Suppose that you create a new Fibonacci heap, insert 65 elements into it, and then perform a single remove-min operation. How many trees will the resulting Fibonacci heap have, and how many nodes will be in each tree?

(Hint: if you perform a remove-min of a Fibonacci heap in which all trees have a single elements, what are the possible sizes of the resulting trees?)

Solution: After a remove-min, from a heap of single-element trees, the trees will become merged in pairs so that they have distinct power-of-two sizes. Therefore, there will only be one 64-node tree.Suppose that you have an implementation of a priority queue in which only three operations are allowed: create an empty heap, add an element, and remove-min. Your implementation takes actual time $O(1)$ to create an empty heap, and actual time $O(\log n)$ for the other two operations, where $n$ is the number of elements currently in the heap. Find a potential function $\Phi$ such that, with this potential function, the amortized time of an add-element operation is still $O(\log n)$ but the amortized time of a remove-min becomes $O(1)$.

Solution: $\Phi=n\log n$. Adding an element increases $\Phi$ by $\log n + O(1)$, so the amortized time stays $O(\log n)$. Removing an element decreases $\Phi$ by $\log n - O(1)$, cancelling most of the actual time for that operation and leaving amortized time $O(1)$.For which values of $n$ does an $n$-element binary heap have an element with exactly one child, and where in the heap is that element and its child?
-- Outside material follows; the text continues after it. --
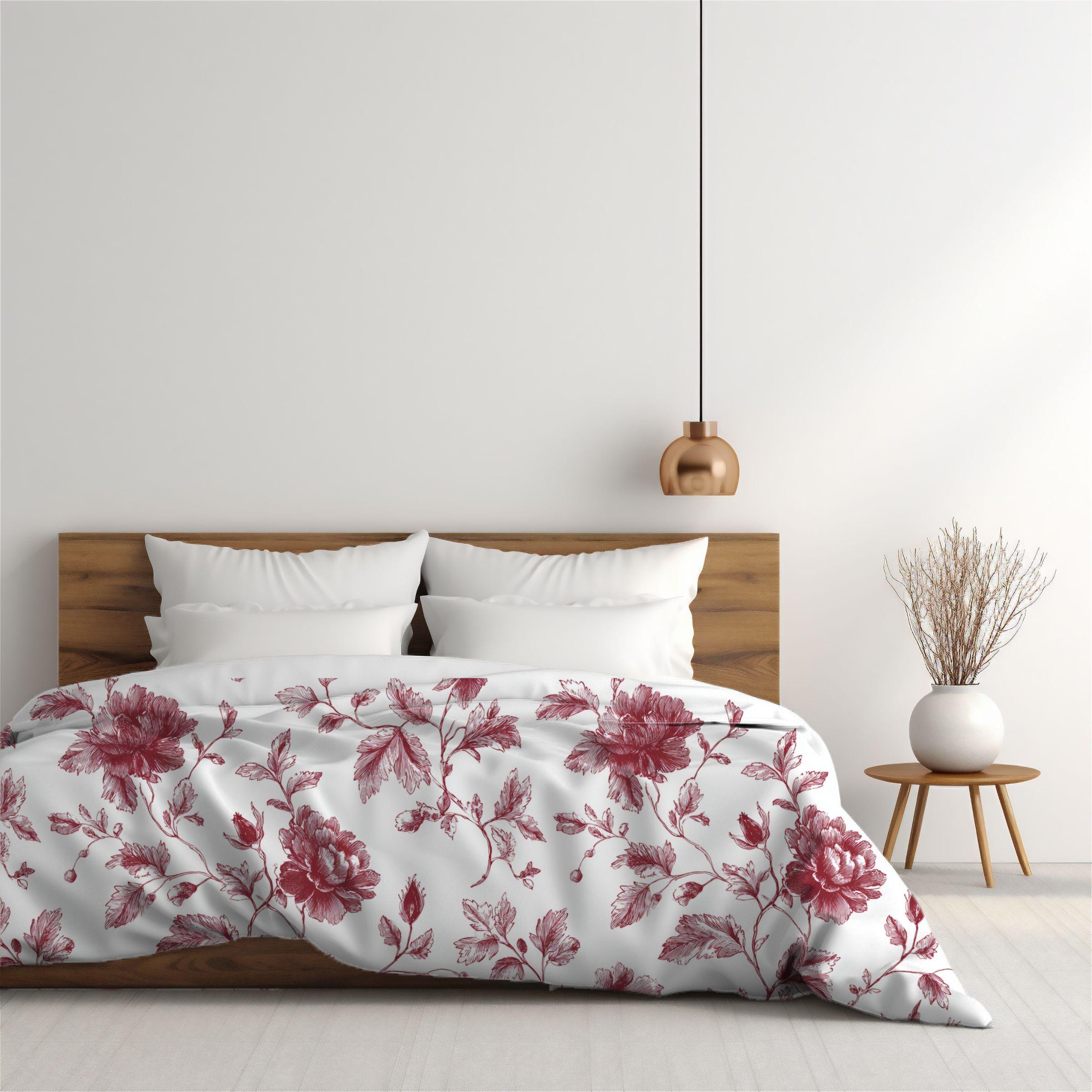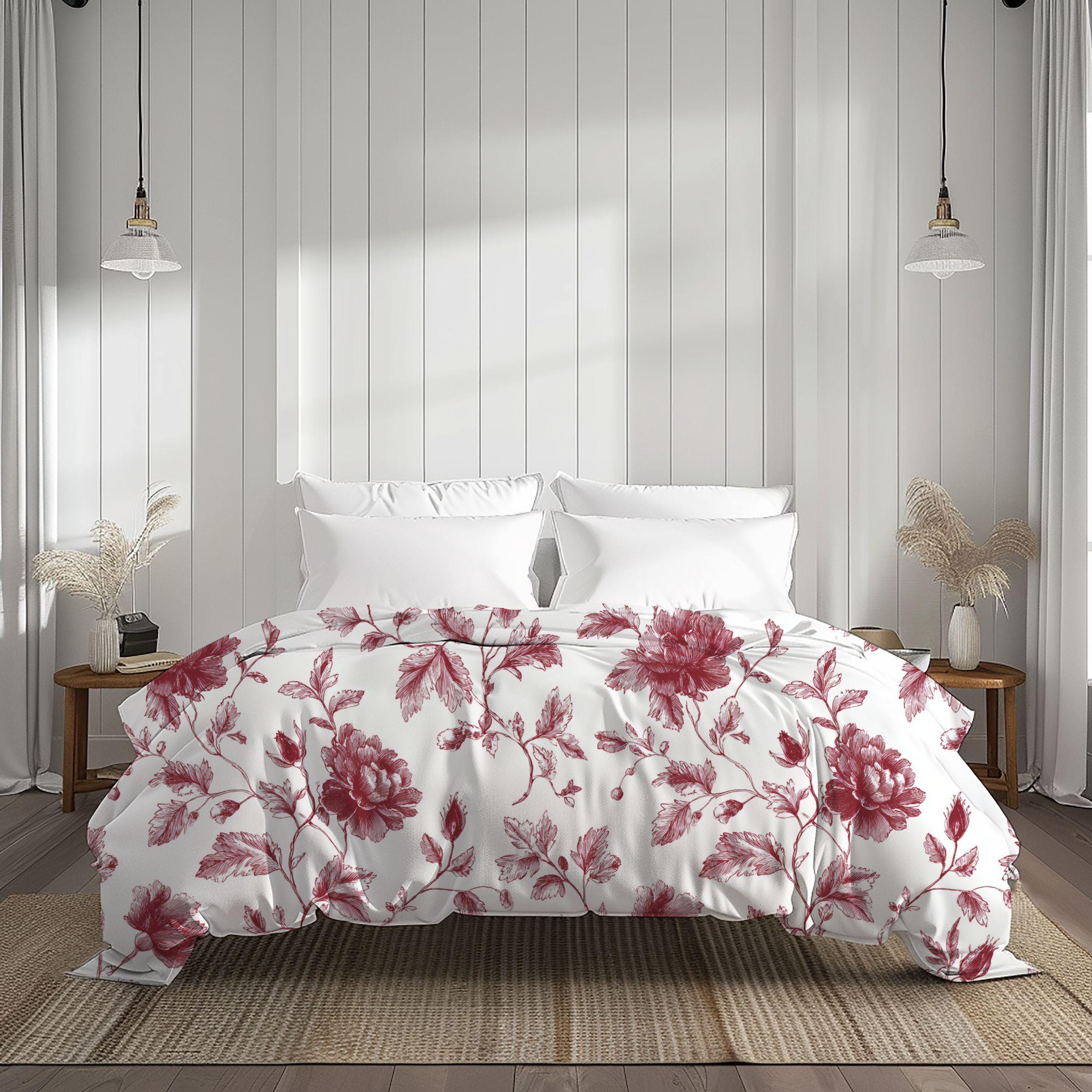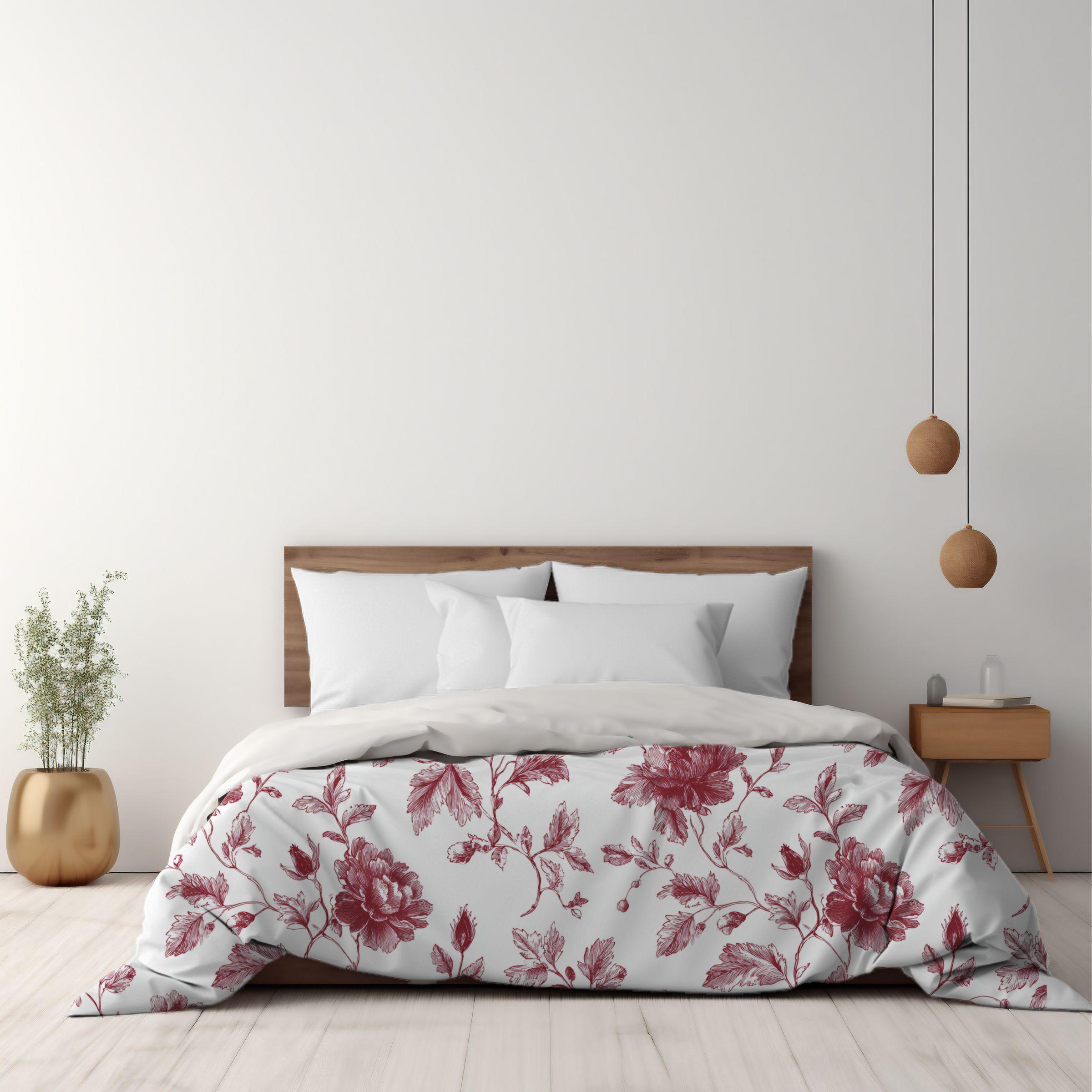 A soft, breathable cotton duvet cover printed with a painterly floral pattern in warm rose tones. The design reads like watercolor sketches—delicate blooms and trailing stems drifting across a clean ivory ground. Lightweight yet substantial, the fabric settles smoothly over your duvet, while an invisible zipper and interior corner ties hold the insert in place for a tidy, tailored look. It brings a calm, quietly romantic mood to a bedroom: think slow mornings with filtered light, cups of tea, and the comfort of a tucked-in bed that still feels inviting and lived-in. Suited to serene, cottagecore, or vintage-inspired interiors, this duvet cover adds a hand-painted sensibility without demanding fuss—wash it gently, re-drape, and sleep in the softened colors night after night.

Solution: The only elements that could be its parent's only child is at position $n-1$, and it is the only child if and only if $n$ is nonzero and even. Its parent is at position $n/2-1$.A hypercube graph of dimension $d$ has $2^d$ vertices and $d2^{d-1}$ edges. (For instance, the three-dimensional cube has 8 vertices and 12 edges.) Suppose that we are going to run Dijkstra's algorithm on this graph, using a $k$-ary heap for the priority queue. What would be the best choice of $k$ to use (the one that causes the algorithm to run as quickly as possible), and what would be the running time of the algorithm with this choice?

Both of your answers should be expressed as formulas involving $d$. The running time should use $O$-notation. The choice for $k$ should just be a formula, without $O$-notation, but you can simplify your answer to this part by omitting any constant factors from this formula, as they will not affect the $O$-notation for the running time.

Solution: For a graph with $n$ vertices and $m$ edges, a good choice is $k=m/n$, giving time $O(m\log_{m/n}n)$. Here, $n=2^d$ and $m=d2^{d-1}$, so (ignoring the extra factor of two, which doesn't change the $O$-notation) we can take $k=d$ and get time $$O\left(\frac{d^2 2^d}{\log d}\right),$$ faster by a $\log d$ factor than the binary heap.